By Allison Matyus
Code Platoon is bringing a different kind of boot camp to veterans in the form of a coding. Open strictly to veterans, this Chicago tech nonprofit is helping veterans get tech jobs in their life after service.
Executive Director of Code Platoon, Rodrigo Levy, said the catalyst to use the coding boot camp model to help benefit veterans was actually a video game.
“I was on the Call of Duty Foundation website because my son wanted to buy the video game so he sent me these links, but what I found is that they are doing really great things in helping to support veterans,” he said.
He said the foundation supports veteran unemployment causes. Oftentimes, it can be difficult for veterans to get back into the civilian work life after serving, but Levy knew he wanted to do something about it.

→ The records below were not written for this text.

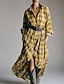 Damen Langes Kleid Maxikleid Kariertes Kleid Hemdblusenkleid Vintage Modern Outdoor Urlaub Ausgehen Lässiger Schnitt Karomuster Langarm Hemdkragen Gelb Rote Frühling Herbst
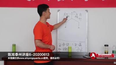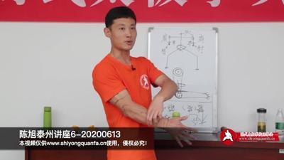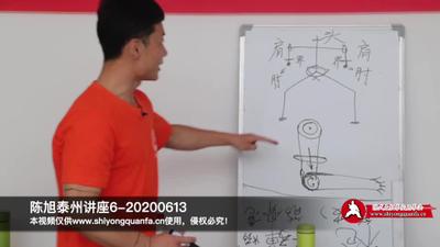 陈旭教练:不是往下走,就是这个劲,它为了不往上走,它就是必须往下走才行,就它,是这么逼着它往下走的,它是另外一步了,它另外一步。第一步先练肩,第二步练这个肘这个位置。嗳~它是在界底下这麽走的。
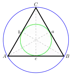 Gleichseitiges Dreieck mit Umkreis und Inkreis
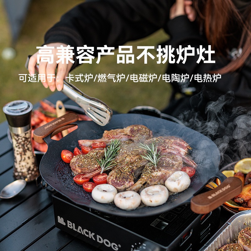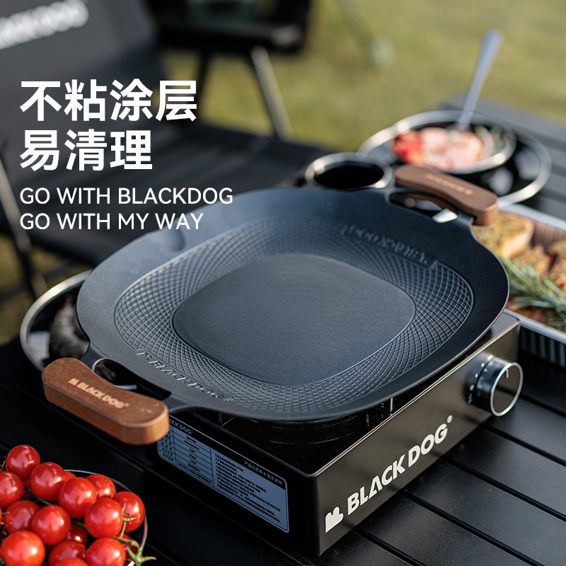 BLACK DOG กระทะย่างกลางแจ้ง ร้อนเร็ว เคลือบสารกันติดทำความสะอาดง่าย ใช้กับเตาแม่เหล็กไฟฟ้าได้
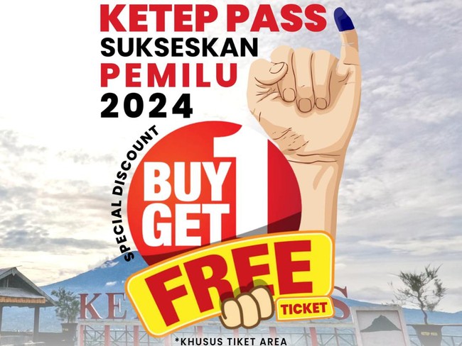 Objek Wisata Ketep Pass Magelang memberikan diskon khusus bagi pengunjung saat hari pencoblosan Pemilu 2024. Pengunjung yang usai mencoblos akan diberi diskon 'buy one get one free access'.
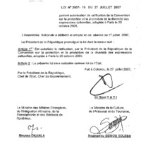 - Loi N° 2007-16 du 27 juillet 2007 portant autorisation de ratification de la convention sur la protection et la promotion de la diversité des expressions culturelles adoptée à Paris le 20 octobre 2005.
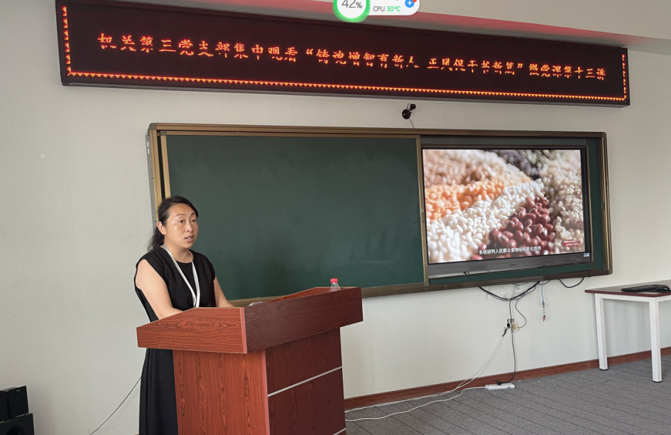 7月31日下午,机关第三党支部全体党员在图书馆608室收听收看2023年高校党组织示范微党课,讲授的题目为《铸魂增智育新人 正风促干书新篇》,支部宣传委员逯娅娜主持。 本次活动旨在深入学习党的二十大精神,深入学习...
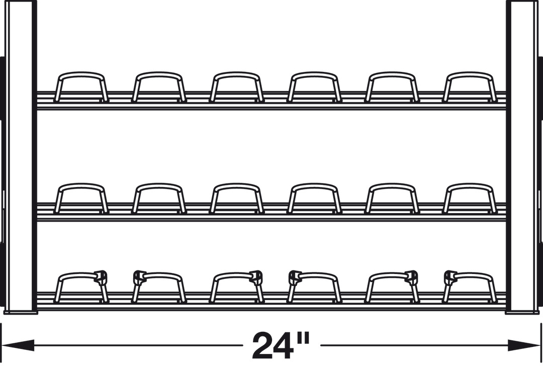- 18” holds up to 6 pairs, 24” holds up to 9 pairs, 30” up to 12 pairs & 36” up to 15 pairs
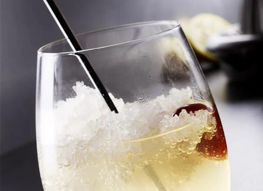 Ajoutez la glace pilée et complétez de champagne très frais.
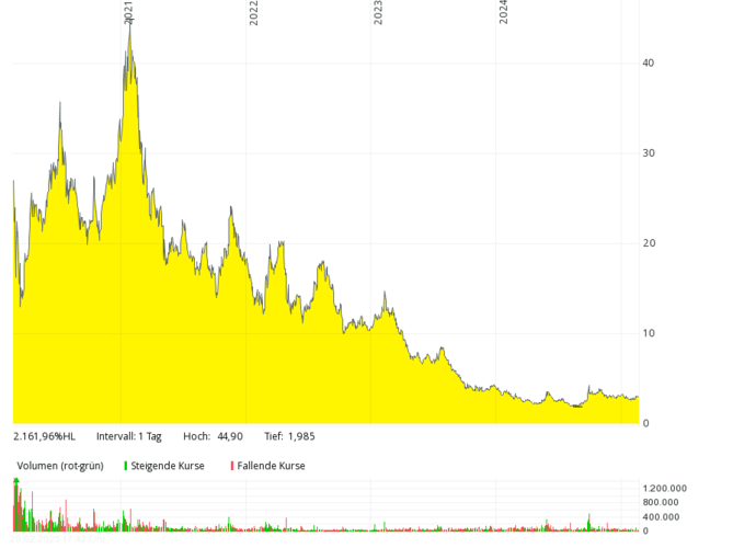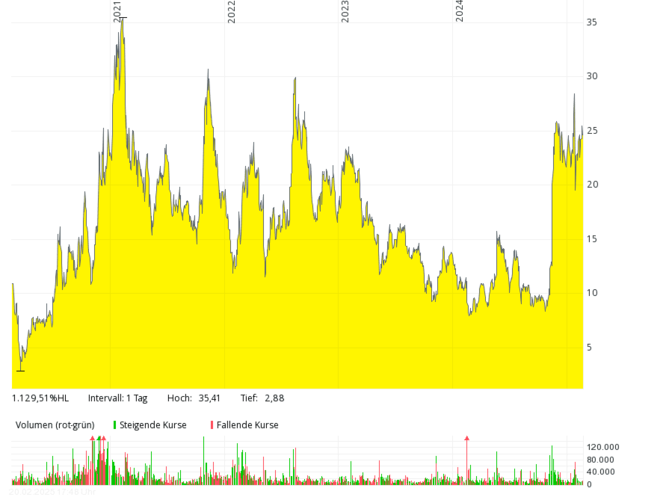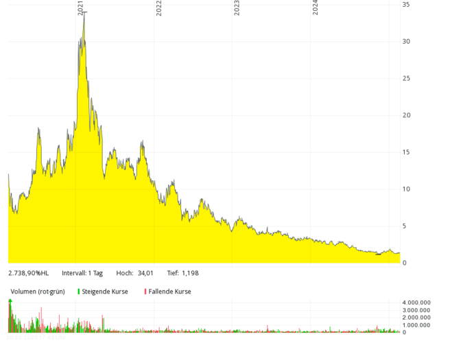 Ein Trauerspiel ist die Aktie des nach Nikola Tesla benannten US-Unternehmens mit Sitz in Phoenix, Arizona. Schon bei der Präsentation des ersten „wasserstoffbetriebenen“ Lkw stellte sich heraus, dass das Werbevideo ein Fake war (man zeigte einen fahrenden Nikola-Lkw, der nicht mit Wasserstoff betrieben wurde). Es gibt Kooperationen mit deutschen Unternehmen und mit der norwegischen Nel (für ein Wasserstofftankstellen-Netz in den USA). Nach einem Hype mit Kursen von über $ 80 (split-bereinigt wären das rund $ 2.000 gewesen) und gerichtlichen Verurteilungen des ersten CEO ist die Aktie nun ein Pennystock. Der Börsenwert ist von seinerzeit zig Milliarden Dollar auf rund 50 Mio. geschrumpft, was nicht verwunderlich ist: 2023 verbuchte man bei nicht einmal $ 36 Mio. Umsatz einen Rekordverlust von über $ 864 Mio.
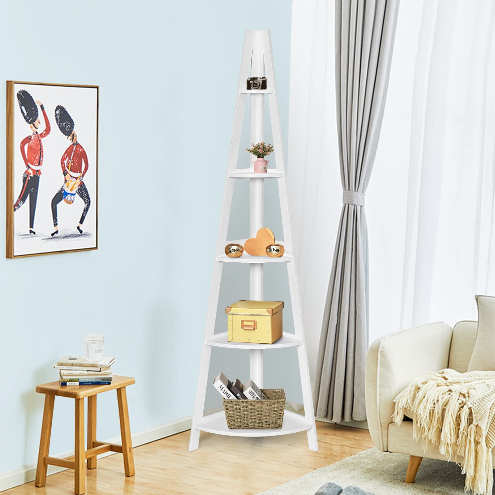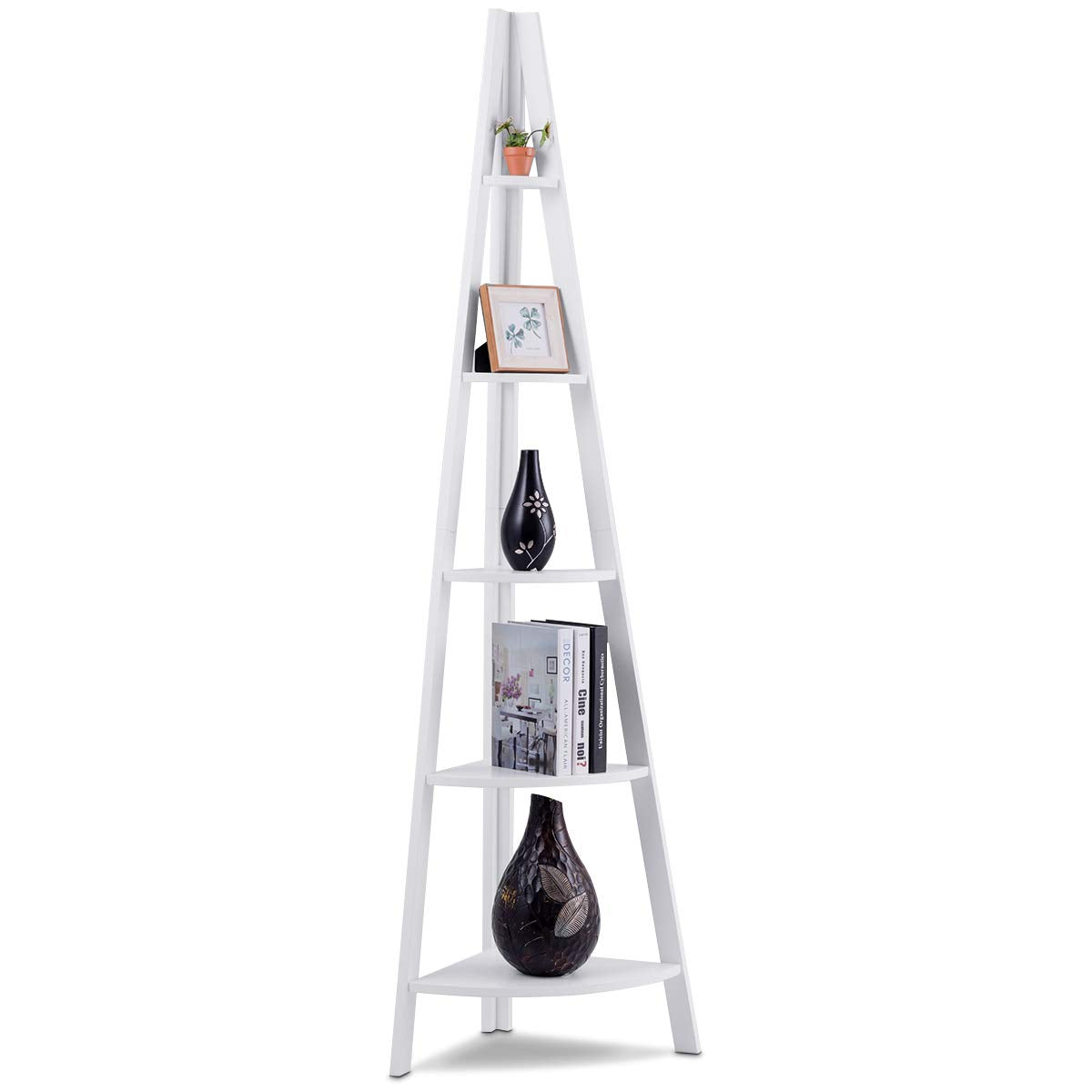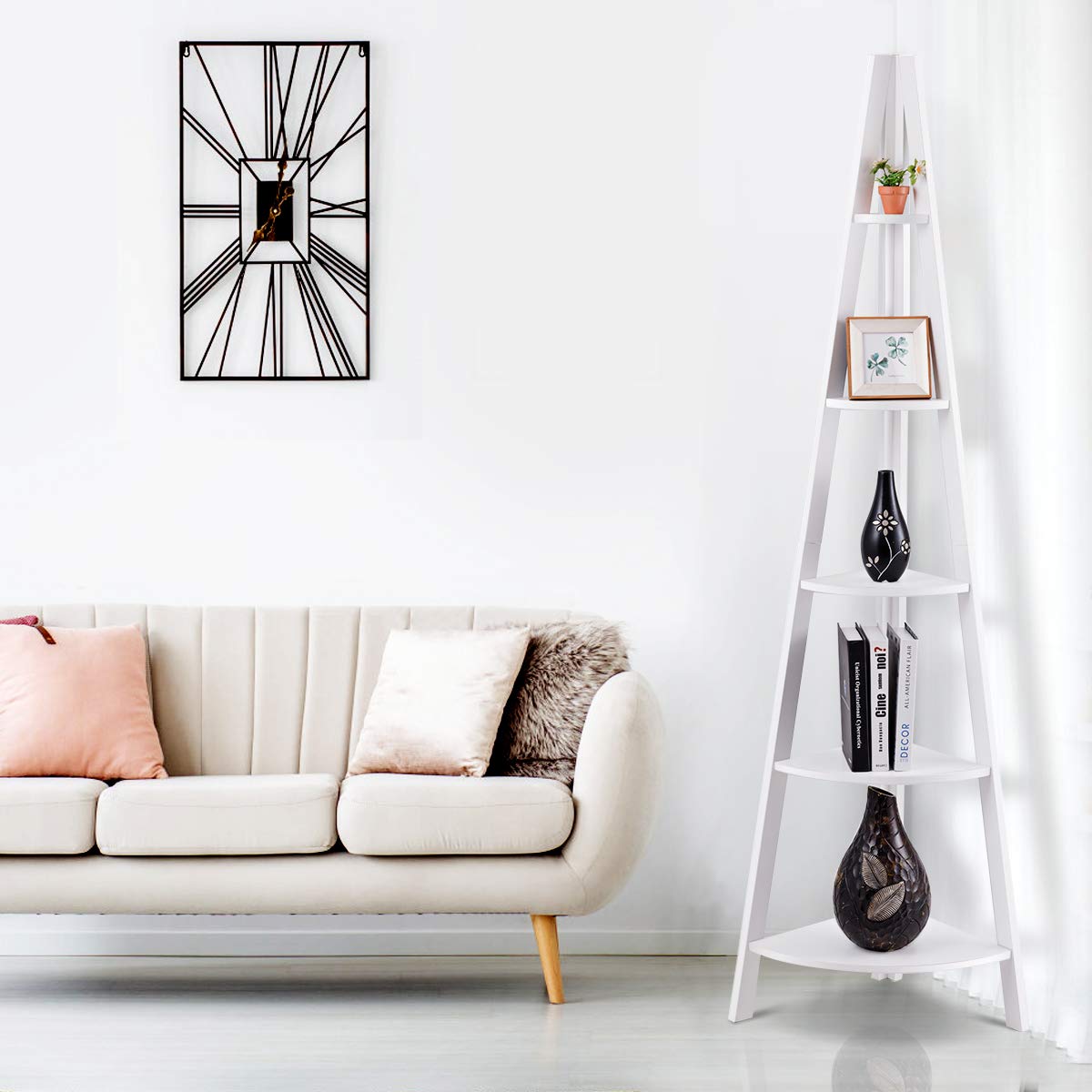 Constructed with sturdy MDF board, designed into an A-shaped frame, strengthened by solid screws, our corner ladder shelf is made into stable and durable furniture. And every shelf has a right-angle design for this furniture to fit wall corner of any rooms better. From top to bottom, shelf size is from smallest to largest, which means you can put objects of different sizes like cups, toys, books, or flowerpots. It is sophisticated and stylish, matches well with other furniture in home, office or balcony.
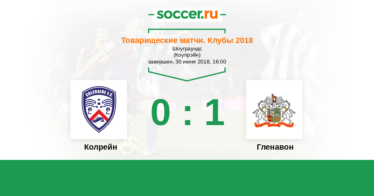 Колрейн - Гленавон: обзор матча 30 июня 2018
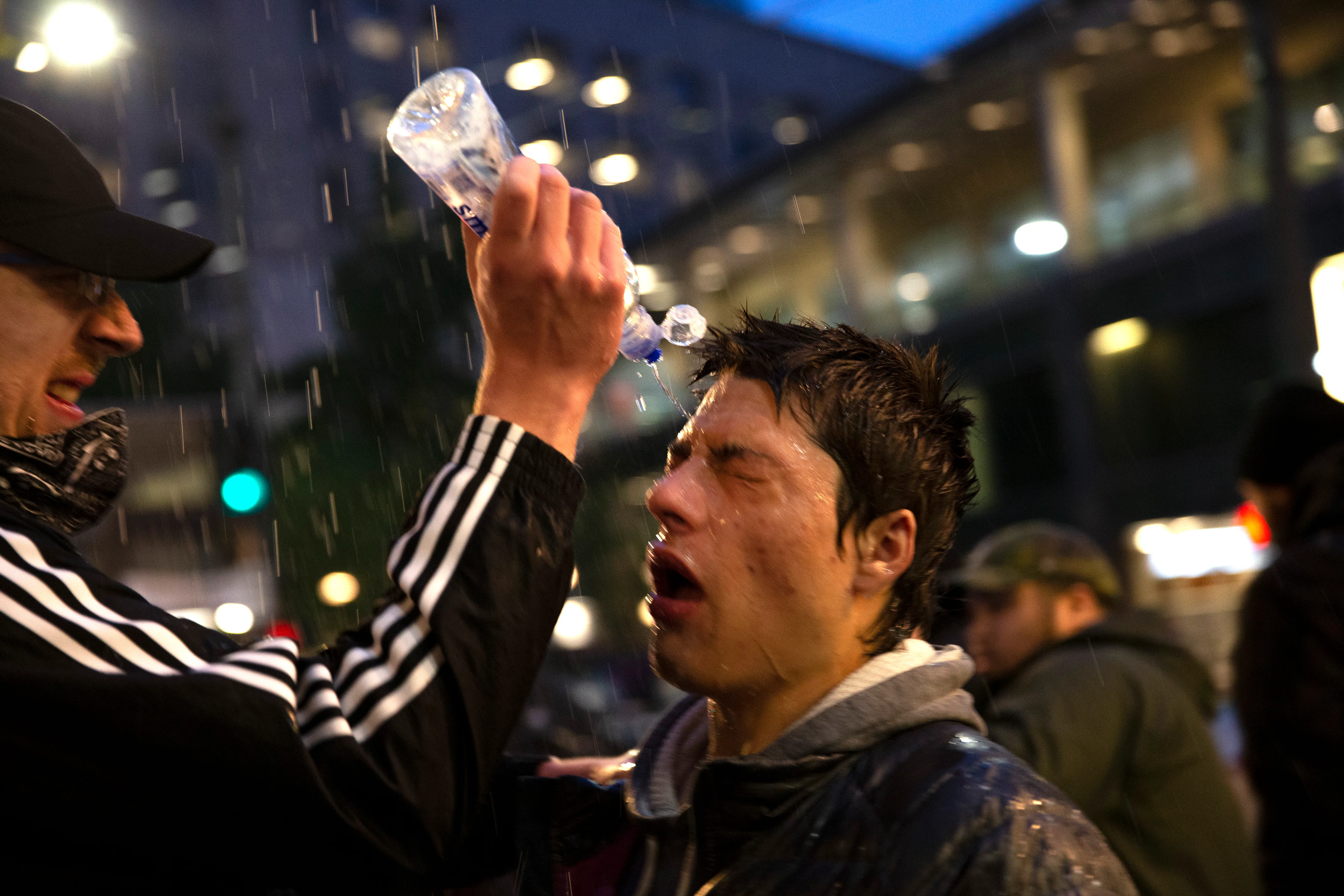 Tear gas invades the body's mucous membranes — the eyes, nose, mouth, skin — causing severe irritation, inflammation, and pain, as well as a running nose and tearing eyes. It can trigger uncontrollable coughing, choking, chest tightness, and temporarily blind those exposed.
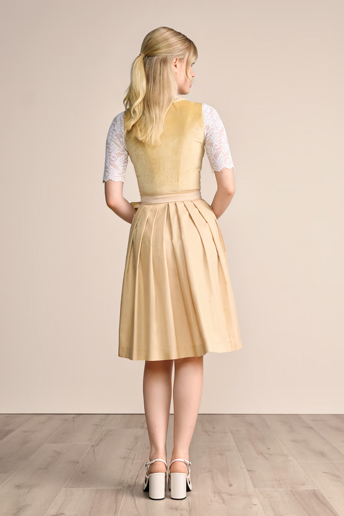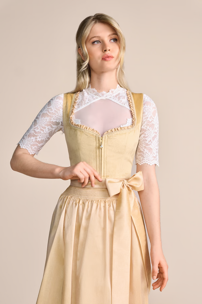Entdecke unser bezauberndes Dirndl ANNINA aus der Krüger Madl Kollektion. Der gelbe Farbton verleiht dem Dirndl einen reizenden und frischen Look. Der elegante Herzausschnitt betont deine Weiblichkeit auf exquisite Weise. Perfekt für jeden Anlass! Passend dazu erhältst du auch eine große Auswahl Dirndlblusen in unserem Shop.
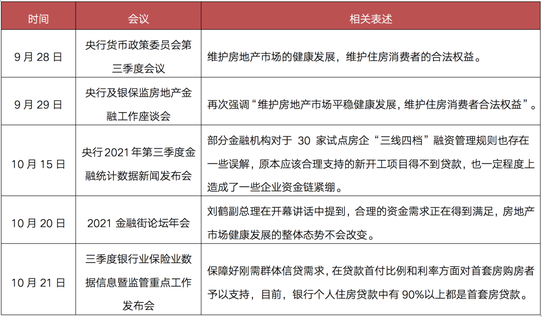 表:9月以來中央關(guān)于房地產(chǎn)金融政策表態(tài)
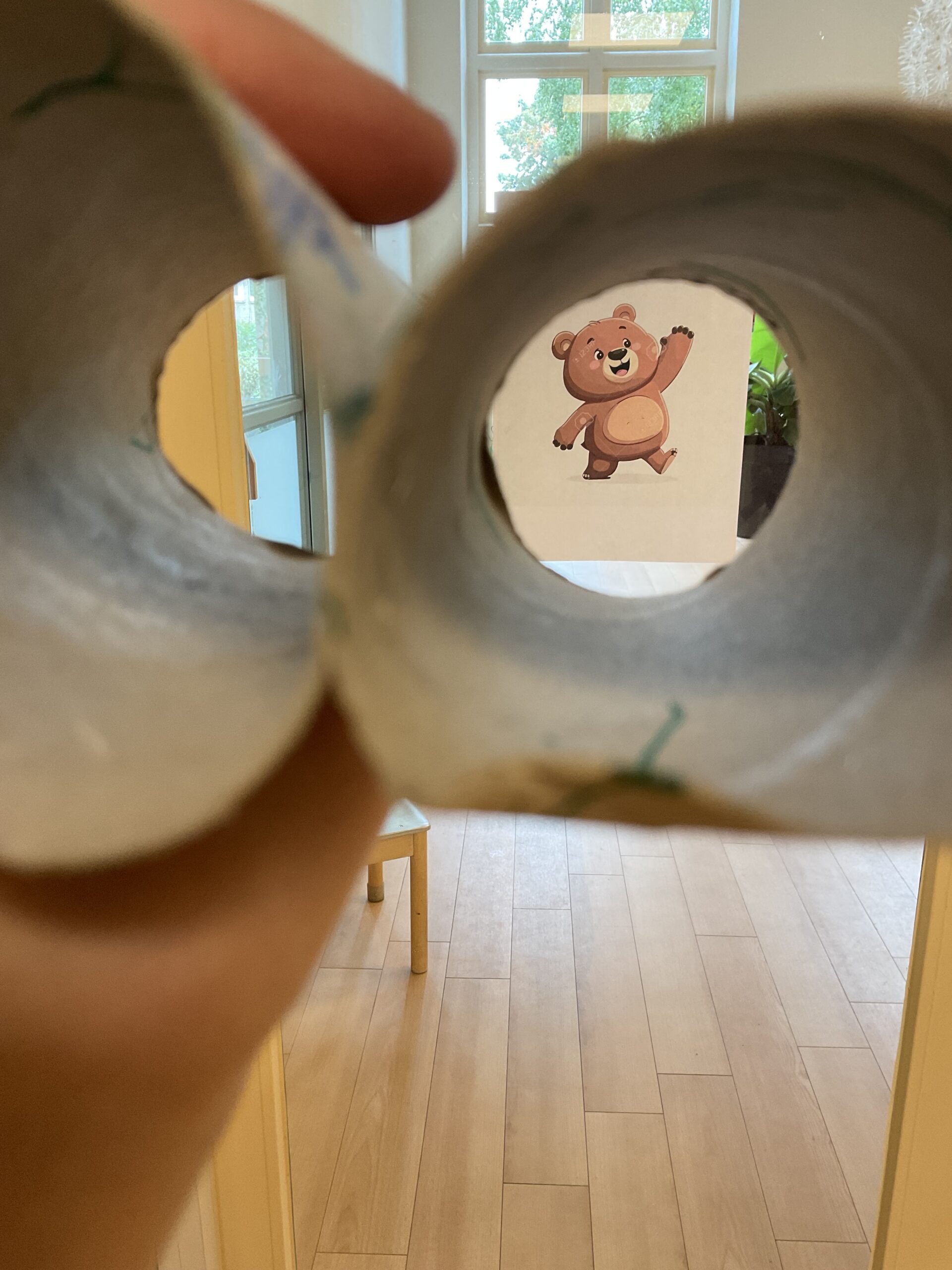Samen een verrekijker kleuren en op zoek naar 4 beren die verstopt zijn.
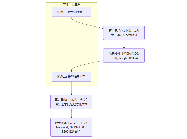 AI 模型的生命周期主要包含两个阶段,训练(Training)和推理(Inference)。这两个阶段对算力的需求截然不同。
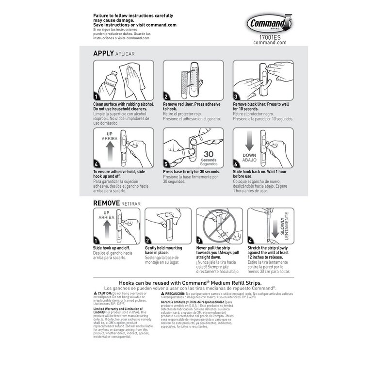 - EASY CLEAN REMOVAL: Lightly hold the top of the wall adhesive strips and pull straight down towards the floor to remove the 3M Hooks holding college dorm decor and prevent damage of walls and surfaces; reuse your hook again by purchasing refill strips
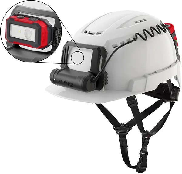 El ventilador también es compatible con las linternas frontales Milwaukee. La batería y el marco de la linterna frontal se montan en la parte delantera del casco, mientras que el ventilador se monta en la parte trasera.

“In terms of training veterans for a career that would be here today, tomorrow, and in 10 years, there are few that can compare to software development,” Levy said.
— Bunker Labs (@TheBunkerLabs) March 17, 2017
“Veterans are particularly well-suited to go into the profession [of web developing] because characteristics you are looking for in a software developer are ones you already see in veterans, such as tenacity, grit, problem solving, etc. ,” Levy said.
Moreover, Levy said veterans software developers typically work in teams and understand how leadership works, which are more characteristics frequently found in those who have served in the armed forces.
So far over 20 veterans have participated in this program, and Levy said 80 percent of them are working full time as software developers or interning as developers with a median salary of $65,000.
— Code Platoon (@codeplatoon_org) September 25, 2017
Matthew Swan was in Code Platoon’s first cohort, and is now currently a software engineer at a Chicago company.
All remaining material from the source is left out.